А чуть позже, летом, Ягода и Вышинский организовали первый в СССР открытый политический процесс. Следствие было закончено уже 10 августа 1936 года. По делу сфабрикованного «Объединенного троцкистско-зиновьевского центра» перед судом предстали 16 человек, в том числе осужденные в январе 1935 года по делу «Московского центра» и отбывавшие наказание Зиновьев, Каменев и др. Военная коллегия Верховного суда СССР в открытом судебном заседании 19–24 августа 1936 года приговорила всех обвиняемых к расстрелу. Массовые расстрелы прошли и в лагерях, где содержались политические заключенные.
Заболоцкий прекрасно видел, что происходит. Поэтому он и был вынужден каяться в формализме и одновременно пытаться оградить себя от политических обвинений, что было весьма затруднительно, учитывая общий тон дискуссии. Вместе с тем он попытался и объясниться, указать на то, чем были все-таки полезны стихи «Столбцов», а также – на свои поэтические корни. В доказательство этой преемственности он цитирует не только Хлебникова, но и собственные стихи.
«…Столбцы научили меня присматриваться к внешнему миру, пробудили во мне интерес к вещам, развили во мне способность пластически изображать явления. В них удалось мне найти некоторый секрет пластических изображений. Значит ли это, что каждый молодой поэт должен начинать с того, с чего в свое время начал я? Нет, не значит. Есть более прямой путь. Совершенствовать технологию можно, лишь совершенствуя содержание, неотделимое от него. Иначе неизбежно попадешь в формалистический тупик. В этом отношении мой пример урок для молодых поэтов.

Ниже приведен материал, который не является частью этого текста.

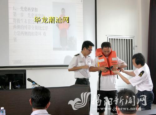 渡船交接仪式后,执法人员为村民们讲解如何正确使用救生设备。通讯员 摄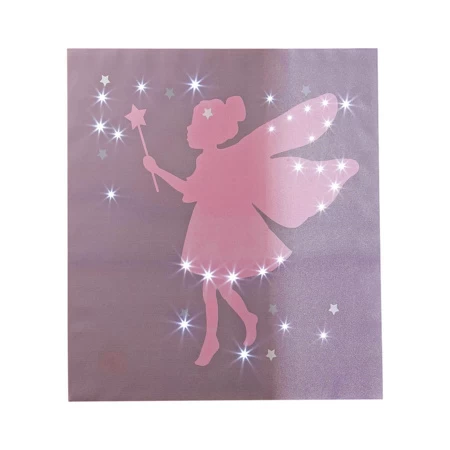 Faites entrer la magie dans leur chambre avec cette toile lumineuse fée animée d'applications étoiles et pois en peinture argentée pour créer un effet brillant quand elle n'est pas éclairée.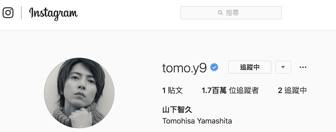 ▼山下智久以「tomo.y9」的帳號註冊IG後,馬上湧入大量粉絲追蹤。也是傑尼斯正式經營官方IG的首例。

В 1929 г., в самом начале коллективизации, я решил написать свою большую вещь (речь идет о поэме „Торжество Земледелия“. – А. К.) и посвятил её тем грандиозным событиям, которые происходили вокруг меня. Я начал писать смело, непохоже на тот средний безрадостный тон поэтического произведения, который к этому времени определился в нашей литературе. В это время я увлекался Хлебниковым, и его строки:
Я вижу конские свободы
И равноправие коров…
глубоко поражали меня. Утопическая мысль о раскрепощении животных нравилась мне.

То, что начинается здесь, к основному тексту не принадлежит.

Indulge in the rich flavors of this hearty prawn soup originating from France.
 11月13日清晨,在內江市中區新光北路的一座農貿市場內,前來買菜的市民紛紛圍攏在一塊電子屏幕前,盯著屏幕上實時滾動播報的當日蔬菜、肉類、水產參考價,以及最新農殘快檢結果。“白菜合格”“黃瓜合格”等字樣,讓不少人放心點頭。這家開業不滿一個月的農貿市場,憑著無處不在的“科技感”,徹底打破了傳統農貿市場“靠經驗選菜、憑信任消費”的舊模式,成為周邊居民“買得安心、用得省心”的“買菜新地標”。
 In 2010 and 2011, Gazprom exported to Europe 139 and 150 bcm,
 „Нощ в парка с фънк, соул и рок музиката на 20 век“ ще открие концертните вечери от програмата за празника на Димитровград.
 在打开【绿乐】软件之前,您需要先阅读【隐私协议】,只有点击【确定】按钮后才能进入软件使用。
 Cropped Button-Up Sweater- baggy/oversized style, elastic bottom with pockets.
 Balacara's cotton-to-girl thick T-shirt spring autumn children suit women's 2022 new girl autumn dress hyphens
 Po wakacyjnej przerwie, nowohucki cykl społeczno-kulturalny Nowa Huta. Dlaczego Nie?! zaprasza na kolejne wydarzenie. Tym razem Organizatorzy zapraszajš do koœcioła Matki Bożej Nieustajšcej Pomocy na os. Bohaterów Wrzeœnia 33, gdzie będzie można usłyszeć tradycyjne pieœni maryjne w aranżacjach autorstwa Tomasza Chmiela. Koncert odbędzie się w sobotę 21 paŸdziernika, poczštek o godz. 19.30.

Я рассуждал так: вместе с социалистической революцией человечество вступает в новую эру своего существования. Вместе с человеком начинается новая жизнь для всей природы, ибо человек не отделим от природы, он есть часть природы, лучшая, передовая ее часть. В борьбе за существование победил он и занял первое место среди своих сородичей – животных. Человек так далеко пошел, что в мыслях стал отделять себя от всей прочей природы, приписал себе божественное начало.
Он мыслил так: я и природа. Я человек, властелин, с одной стороны; природа, которую я должен себе подчинить, чтобы мне жилось хорошо, с другой. Такое чувство разобщенности с природой прошло через всю историю человечества и дошло до наших дней, до XX века, века социальных революций и небывалых достижений точных наук. Теперь дело меняется. Приближается время, когда, по слову Энгельса, люди будут не только чувствовать, но и сознавать своё единство с природой, когда делается невозможным бессмысленное и противоестественное представление о какой-то противоположности между духом и материей, человеком и природой, душой и телом.

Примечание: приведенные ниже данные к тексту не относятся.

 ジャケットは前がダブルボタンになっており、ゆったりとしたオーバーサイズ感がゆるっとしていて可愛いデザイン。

На другой же день после всемирной революции, думал я далее, человечество не может не заметить, что, уничтожив эксплуатацию в самом себе, оно само является эксплуататором всей остальной живой и мёртвой природы. Человечество, проникнутое духом бесклассового общества, не может не ужаснуться, окинув разумным взглядом свою прошлую борьбу с природой, приводившую к вымиранию целых видов животных и задерживающую до сих пор развитие и усовершенствование многих видов. Человек бесклассового общества, который хищническую эксплуатацию заменил всеобщим творческим трудом и плановостью, не может в будущем не распространить этого принципа на свои отношения с порабощенной природой. Настанет время, когда человек эксплуататор природы превратится в человека организатора природы.
Природа черная, как кузница,
Кто ты богиня или узница?
Когда бы ты была богиней,
Ты не дружила бы с пустыней.
Когда б ты узницей была,
Давно бы, верно, умерла.
Природа черная, как кузница,
Отныне людям будь союзница,
Тебя мы вылечим в больнице,
Посадим в школу за букварь,
Чтоб говорить умели птицы
И знали волки календарь;
Чтобы в лесу, саду и школе
Уж по своей, не нашей, воле
Природа, полная ума,
На нас работала сама.
Вот в кратких чертах та утопическая концепция, которая интересовала меня 6–7 лет тому назад, когда я писал Торжество Земледелия. Передо мной открывалась грандиозная перспектива переустройства природы, и ключом к этой перспективе были для меня коллективизация деревни, ликвидация кулачества, переход к коллективному землепользованию и высшим формам сельского хозяйства. Об этом я и хотел писать в своей поэме.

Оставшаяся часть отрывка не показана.